Когда прибыли на Восточный вокзал, я помню, глаза разбежались: красивый город, тепло, светло, солнышко. Вышли с вокзала, а что делать дальше – не знаем. Нам написали адрес военкомата, никакого сопровождающего не было. Колька Интаев у нас городской парень был, пошустрее, поэтому был за старшего у нас.
Вышли мы на Московский вокзал где-то часа в 2-3 дня. Нам надо же там садиться было, чтобы доехать до Детского села, до Пушкина. Спросили у какой-то тетки, и она с ленинградской приветливостью повезла нас трамваем на Витебский вокзал. Привезла, рассказала нам все, мы там предъявили документы. Комендант выдал посадочный талон.
Приехали в Пушкин уже после обеда, к вечеру, но еще светло было. У нас написано: «5-й военный городок, город Пушкин, бульвар Киквидзе». Нам подсказали, где это. Дошли. Смотрим: на КПП сидят дневальные. Отвели нас в карантин. Туда приходит Пугачевский – ефрейтор с петлицами и бронзовым треугольником на них, начальник большой. И вот мы там две недели снег чистили, грязь вытаскивали с городка, работали, приводили в порядок. А потом нам говорят, что надо сдавать экзамены за десятилетку. Ну мы тут озадачились: что делать? Вроде по общим дисциплинам сдадим, а вот, например, учебника по истории ВКП(б) мы никогда и не видели. Как бы в программе школьной дисциплина была, но мы-то не изучали ее. А вот так неохота домой возвращаться. Стыдно, понимаешь: поехали и не поступили. Пошли мы в библиотеку, чтобы нам показали учебник. Я посмотрел и думаю: «Что я историю за эти три дня изучу?» Я взял, почитал первую страницу, бросил. А там как раз было написано про отмену крепостного права в 1861 году.

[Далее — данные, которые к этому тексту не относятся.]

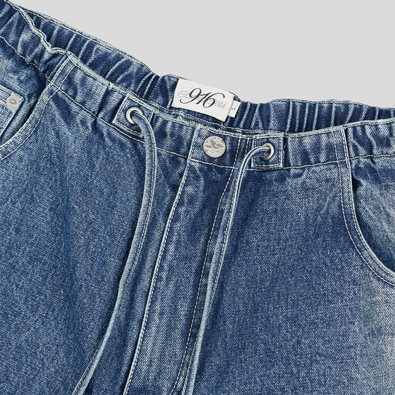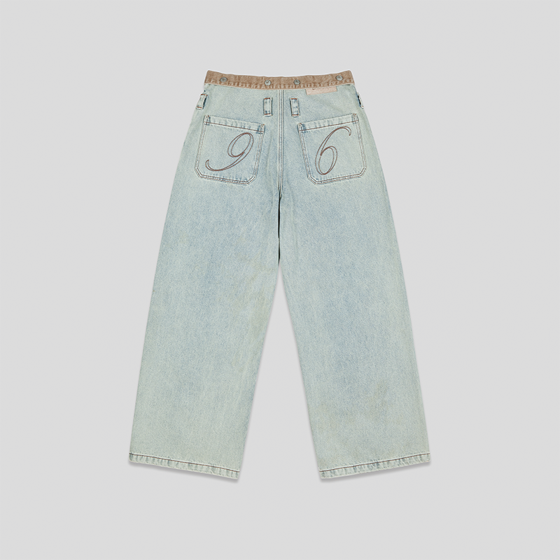 GOODBAI 916 logo绣花腰带可拆水洗阔腿牛仔裤

День экзамена. Мы все трое пошли. Сдали все общие дисциплины, а по истории я вытягиваю билет, а там вопрос про отмену крепостного права. Я все и рассказал. А мой сосед, старший батальонный комиссар, удивился, откуда я так хорошо историю знаю. Я ответил, что в школе изучал. Дальше мне вопросы задавать не стали.
Начали нас зачислять. Получилось так, что меня зачислили, а моих товарищей оставили на осенний набор в сентябре. Отправили их домой. А мне так скучно стало без них. Я пошел к начальнику училища полковнику Трунову. Он седой совсем был. Я ему говорю: «Товарищ полковник, ребята мои едут, и я поеду с ними. Давайте меня на октябрь». Он отвечает: «Нет, товарищ Попов, вы хорошо сдали всё. Когда они приедут, вы будете и строем ходить, и песню петь». Так и остался в армии.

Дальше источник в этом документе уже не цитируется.